• **Instructions to follow**
Pictures do not belong in the copy; print every entry exactly as it stands.

• **Excerpted data**
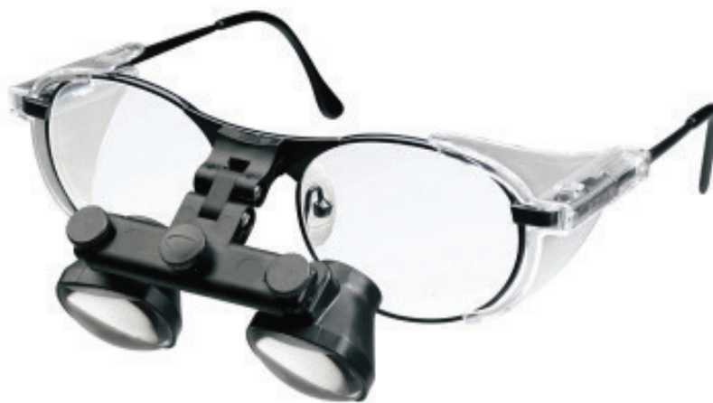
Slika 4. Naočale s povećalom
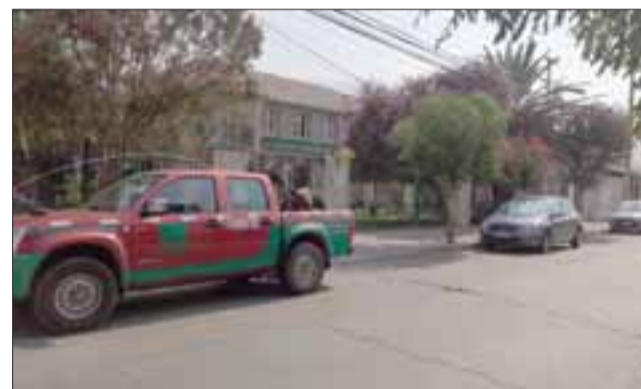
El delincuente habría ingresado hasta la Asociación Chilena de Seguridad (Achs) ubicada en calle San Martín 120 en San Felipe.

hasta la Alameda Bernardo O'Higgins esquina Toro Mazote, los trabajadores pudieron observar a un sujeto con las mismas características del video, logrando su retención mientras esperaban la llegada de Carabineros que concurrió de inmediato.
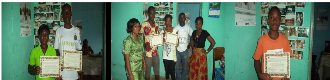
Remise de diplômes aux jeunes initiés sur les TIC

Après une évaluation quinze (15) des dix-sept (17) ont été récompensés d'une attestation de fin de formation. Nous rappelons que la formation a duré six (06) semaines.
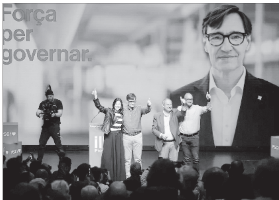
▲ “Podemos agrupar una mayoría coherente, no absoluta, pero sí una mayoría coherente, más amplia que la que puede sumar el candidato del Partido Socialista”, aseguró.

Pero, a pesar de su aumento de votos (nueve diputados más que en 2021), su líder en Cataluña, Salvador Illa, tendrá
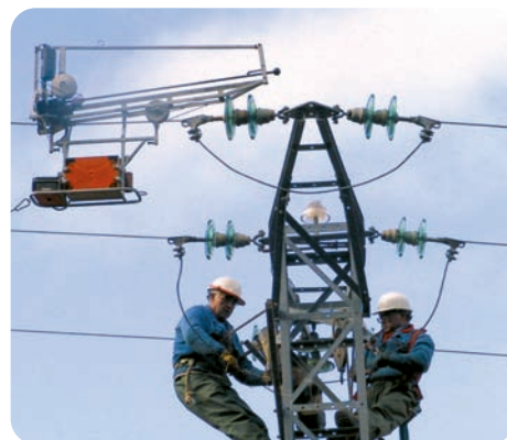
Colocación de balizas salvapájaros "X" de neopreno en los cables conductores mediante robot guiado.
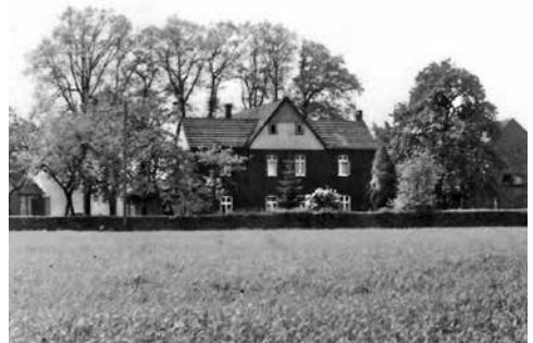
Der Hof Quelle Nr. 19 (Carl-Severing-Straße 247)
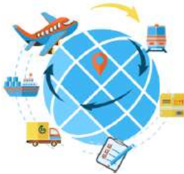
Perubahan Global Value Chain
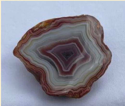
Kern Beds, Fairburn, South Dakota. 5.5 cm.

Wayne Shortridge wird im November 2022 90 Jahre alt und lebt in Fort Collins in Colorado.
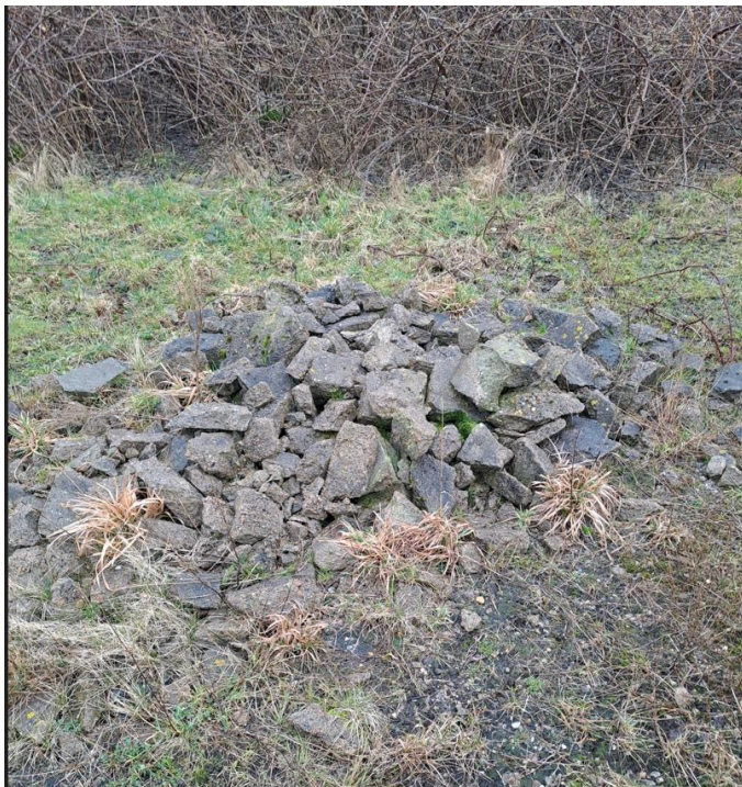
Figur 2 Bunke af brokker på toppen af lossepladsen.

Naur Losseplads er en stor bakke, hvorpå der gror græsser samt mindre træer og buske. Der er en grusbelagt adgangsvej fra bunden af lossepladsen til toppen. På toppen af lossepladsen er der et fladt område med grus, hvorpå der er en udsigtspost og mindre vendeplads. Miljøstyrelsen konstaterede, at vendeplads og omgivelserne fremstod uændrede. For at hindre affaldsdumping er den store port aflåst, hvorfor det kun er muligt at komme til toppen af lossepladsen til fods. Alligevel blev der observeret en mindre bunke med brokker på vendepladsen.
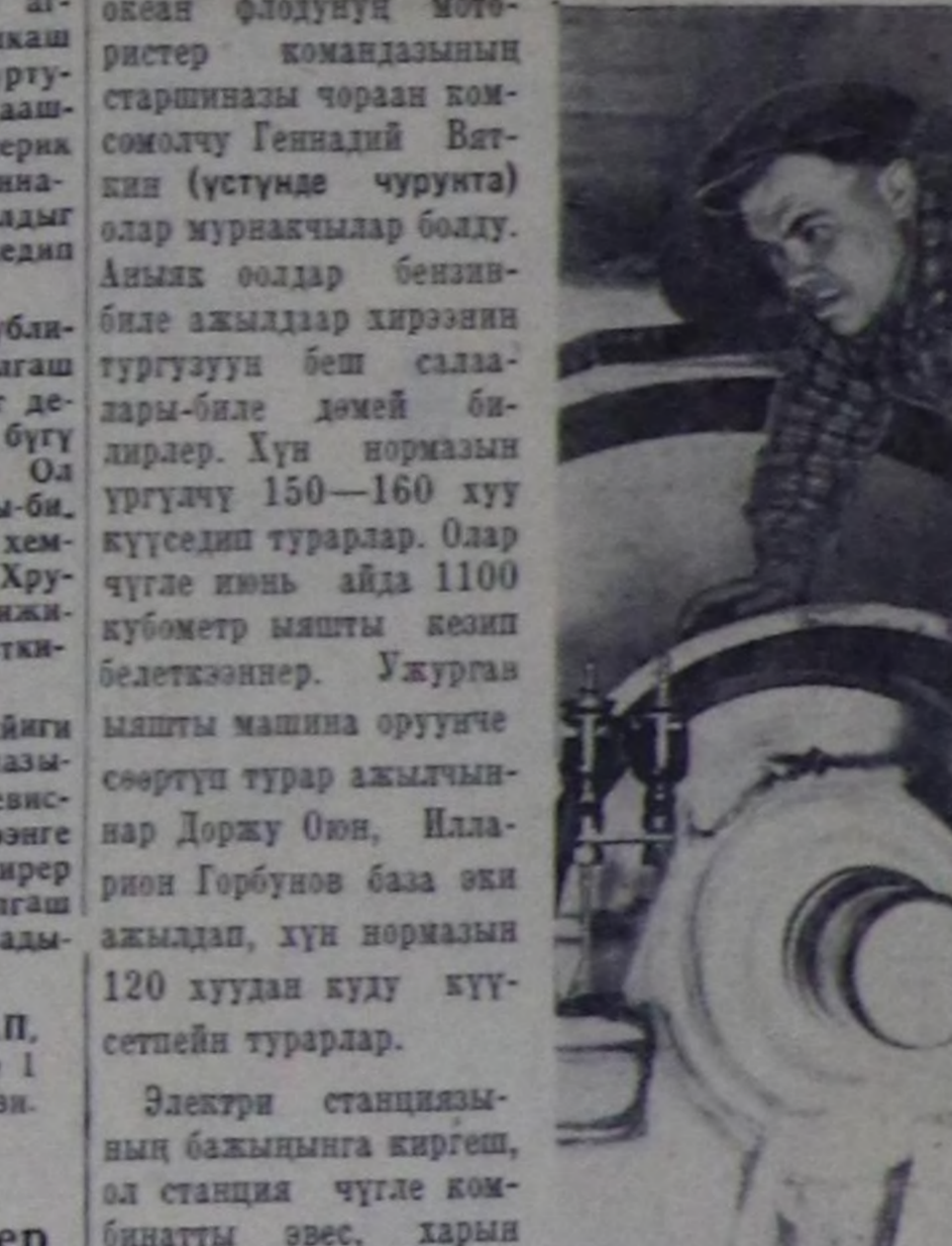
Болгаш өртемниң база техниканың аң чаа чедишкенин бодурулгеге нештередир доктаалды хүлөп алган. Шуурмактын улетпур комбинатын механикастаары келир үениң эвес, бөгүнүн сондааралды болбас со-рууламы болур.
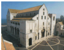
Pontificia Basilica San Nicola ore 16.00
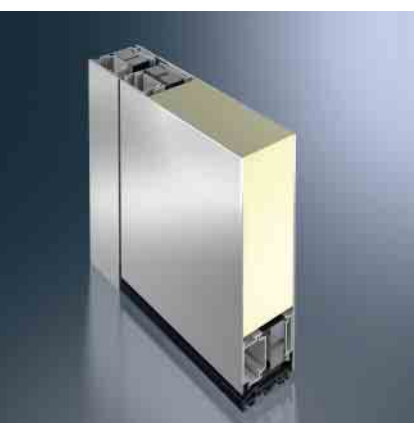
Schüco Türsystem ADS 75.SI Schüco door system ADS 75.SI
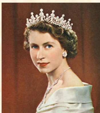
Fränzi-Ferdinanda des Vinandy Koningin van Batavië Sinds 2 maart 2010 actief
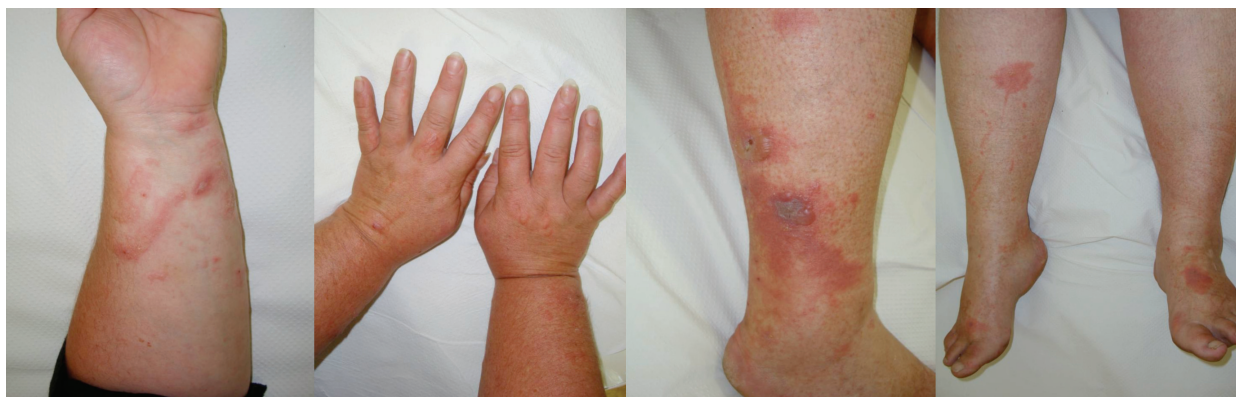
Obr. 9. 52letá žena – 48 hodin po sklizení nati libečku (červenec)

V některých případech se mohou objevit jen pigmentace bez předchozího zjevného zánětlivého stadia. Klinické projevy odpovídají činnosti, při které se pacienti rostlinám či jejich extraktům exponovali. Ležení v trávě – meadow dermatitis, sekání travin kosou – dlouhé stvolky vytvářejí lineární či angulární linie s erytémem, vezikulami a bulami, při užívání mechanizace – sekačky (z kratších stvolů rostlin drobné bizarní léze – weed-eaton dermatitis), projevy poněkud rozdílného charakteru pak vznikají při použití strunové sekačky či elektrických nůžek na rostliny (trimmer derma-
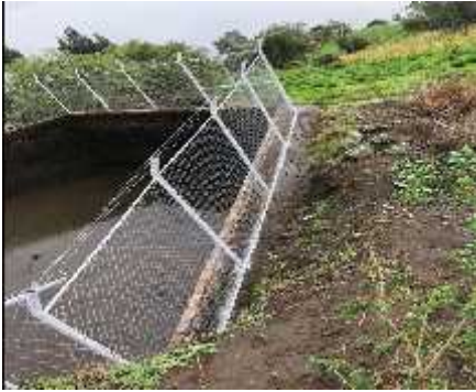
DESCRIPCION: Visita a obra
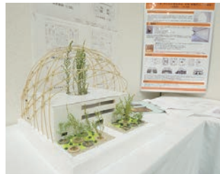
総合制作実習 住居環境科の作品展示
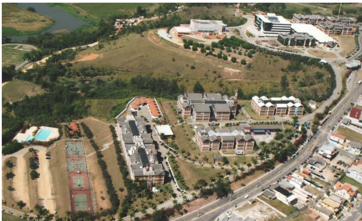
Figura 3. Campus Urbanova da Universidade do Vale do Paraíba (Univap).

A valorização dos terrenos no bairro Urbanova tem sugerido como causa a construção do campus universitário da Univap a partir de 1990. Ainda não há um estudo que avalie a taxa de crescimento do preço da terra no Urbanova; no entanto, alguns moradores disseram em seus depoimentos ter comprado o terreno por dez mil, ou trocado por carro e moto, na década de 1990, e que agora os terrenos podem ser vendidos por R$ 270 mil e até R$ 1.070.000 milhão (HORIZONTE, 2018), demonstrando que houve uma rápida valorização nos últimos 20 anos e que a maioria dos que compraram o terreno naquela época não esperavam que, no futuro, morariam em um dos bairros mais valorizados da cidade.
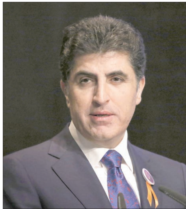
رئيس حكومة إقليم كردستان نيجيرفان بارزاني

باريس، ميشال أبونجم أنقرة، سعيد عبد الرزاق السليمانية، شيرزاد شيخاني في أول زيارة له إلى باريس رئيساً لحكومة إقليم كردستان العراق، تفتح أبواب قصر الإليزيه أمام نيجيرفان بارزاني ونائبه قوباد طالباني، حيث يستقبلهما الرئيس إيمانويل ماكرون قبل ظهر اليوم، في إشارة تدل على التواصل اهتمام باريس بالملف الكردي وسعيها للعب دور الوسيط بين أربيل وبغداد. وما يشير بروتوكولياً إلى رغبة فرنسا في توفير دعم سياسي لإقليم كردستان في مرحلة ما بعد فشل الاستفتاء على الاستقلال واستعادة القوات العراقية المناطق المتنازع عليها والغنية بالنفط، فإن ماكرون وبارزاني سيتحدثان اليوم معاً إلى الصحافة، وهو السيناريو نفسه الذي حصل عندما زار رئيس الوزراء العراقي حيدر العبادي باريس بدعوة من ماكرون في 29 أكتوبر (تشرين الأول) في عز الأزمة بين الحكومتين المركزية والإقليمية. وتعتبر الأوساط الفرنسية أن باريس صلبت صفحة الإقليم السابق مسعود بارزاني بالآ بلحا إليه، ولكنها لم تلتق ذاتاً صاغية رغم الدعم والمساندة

• **Response for this exercise**
Slika 4. Naočale s povećalom
El delincuente habría ingresado hasta la Asociación Chilena de Seguridad (Achs) ubicada en calle San Martín 120 en San Felipe.

hasta la Alameda Bernardo O'Higgins esquina Toro Mazote, los trabajadores pudieron observar a un sujeto con las mismas características del video, logrando su retención mientras esperaban la llegada de Carabineros que concurrió de inmediato.
Remise de diplômes aux jeunes initiés sur les TIC

Après une évaluation quinze (15) des dix-sept (17) ont été récompensés d'une attestation de fin de formation. Nous rappelons que la formation a duré six (06) semaines.
▲ “Podemos agrupar una mayoría coherente, no absoluta, pero sí una mayoría coherente, más amplia que la que puede sumar el candidato del Partido Socialista”, aseguró.

Pero, a pesar de su aumento de votos (nueve diputados más que en 2021), su líder en Cataluña, Salvador Illa, tendrá
Colocación de balizas salvapájaros "X" de neopreno en los cables conductores mediante robot guiado.
Der Hof Quelle Nr. 19 (Carl-Severing-Straße 247)
Perubahan Global Value Chain
Kern Beds, Fairburn, South Dakota. 5.5 cm.

Wayne Shortridge wird im November 2022 90 Jahre alt und lebt in Fort Collins in Colorado.
Figur 2 Bunke af brokker på toppen af lossepladsen.

Naur Losseplads er en stor bakke, hvorpå der gror græsser samt mindre træer og buske. Der er en grusbelagt adgangsvej fra bunden af lossepladsen til toppen. På toppen af lossepladsen er der et fladt område med grus, hvorpå der er en udsigtspost og mindre vendeplads. Miljøstyrelsen konstaterede, at vendeplads og omgivelserne fremstod uændrede. For at hindre affaldsdumping er den store port aflåst, hvorfor det kun er muligt at komme til toppen af lossepladsen til fods. Alligevel blev der observeret en mindre bunke med brokker på vendepladsen.
Болгаш өртемниң база техниканың аң чаа чедишкенин бодурулгеге нештередир доктаалды хүлөп алган. Шуурмактын улетпур комбинатын механикастаары келир үениң эвес, бөгүнүн сондааралды болбас со-рууламы болур.
Pontificia Basilica San Nicola ore 16.00
Schüco Türsystem ADS 75.SI Schüco door system ADS 75.SI
Fränzi-Ferdinanda des Vinandy Koningin van Batavië Sinds 2 maart 2010 actief
Obr. 9. 52letá žena – 48 hodin po sklizení nati libečku (červenec)

V některých případech se mohou objevit jen pigmentace bez předchozího zjevného zánětlivého stadia. Klinické projevy odpovídají činnosti, při které se pacienti rostlinám či jejich extraktům exponovali. Ležení v trávě – meadow dermatitis, sekání travin kosou – dlouhé stvolky vytvářejí lineární či angulární linie s erytémem, vezikulami a bulami, při užívání mechanizace – sekačky (z kratších stvolů rostlin drobné bizarní léze – weed-eaton dermatitis), projevy poněkud rozdílného charakteru pak vznikají při použití strunové sekačky či elektrických nůžek na rostliny (trimmer derma-
DESCRIPCION: Visita a obra
総合制作実習 住居環境科の作品展示
Figura 3. Campus Urbanova da Universidade do Vale do Paraíba (Univap).

A valorização dos terrenos no bairro Urbanova tem sugerido como causa a construção do campus universitário da Univap a partir de 1990. Ainda não há um estudo que avalie a taxa de crescimento do preço da terra no Urbanova; no entanto, alguns moradores disseram em seus depoimentos ter comprado o terreno por dez mil, ou trocado por carro e moto, na década de 1990, e que agora os terrenos podem ser vendidos por R$ 270 mil e até R$ 1.070.000 milhão (HORIZONTE, 2018), demonstrando que houve uma rápida valorização nos últimos 20 anos e que a maioria dos que compraram o terreno naquela época não esperavam que, no futuro, morariam em um dos bairros mais valorizados da cidade.
رئيس حكومة إقليم كردستان نيجيرفان بارزاني

باريس، ميشال أبونجم أنقرة، سعيد عبد الرزاق السليمانية، شيرزاد شيخاني في أول زيارة له إلى باريس رئيساً لحكومة إقليم كردستان العراق، تفتح أبواب قصر الإليزيه أمام نيجيرفان بارزاني ونائبه قوباد طالباني، حيث يستقبلهما الرئيس إيمانويل ماكرون قبل ظهر اليوم، في إشارة تدل على التواصل اهتمام باريس بالملف الكردي وسعيها للعب دور الوسيط بين أربيل وبغداد. وما يشير بروتوكولياً إلى رغبة فرنسا في توفير دعم سياسي لإقليم كردستان في مرحلة ما بعد فشل الاستفتاء على الاستقلال واستعادة القوات العراقية المناطق المتنازع عليها والغنية بالنفط، فإن ماكرون وبارزاني سيتحدثان اليوم معاً إلى الصحافة، وهو السيناريو نفسه الذي حصل عندما زار رئيس الوزراء العراقي حيدر العبادي باريس بدعوة من ماكرون في 29 أكتوبر (تشرين الأول) في عز الأزمة بين الحكومتين المركزية والإقليمية. وتعتبر الأوساط الفرنسية أن باريس صلبت صفحة الإقليم السابق مسعود بارزاني بالآ بلحا إليه، ولكنها لم تلتق ذاتاً صاغية رغم الدعم والمساندة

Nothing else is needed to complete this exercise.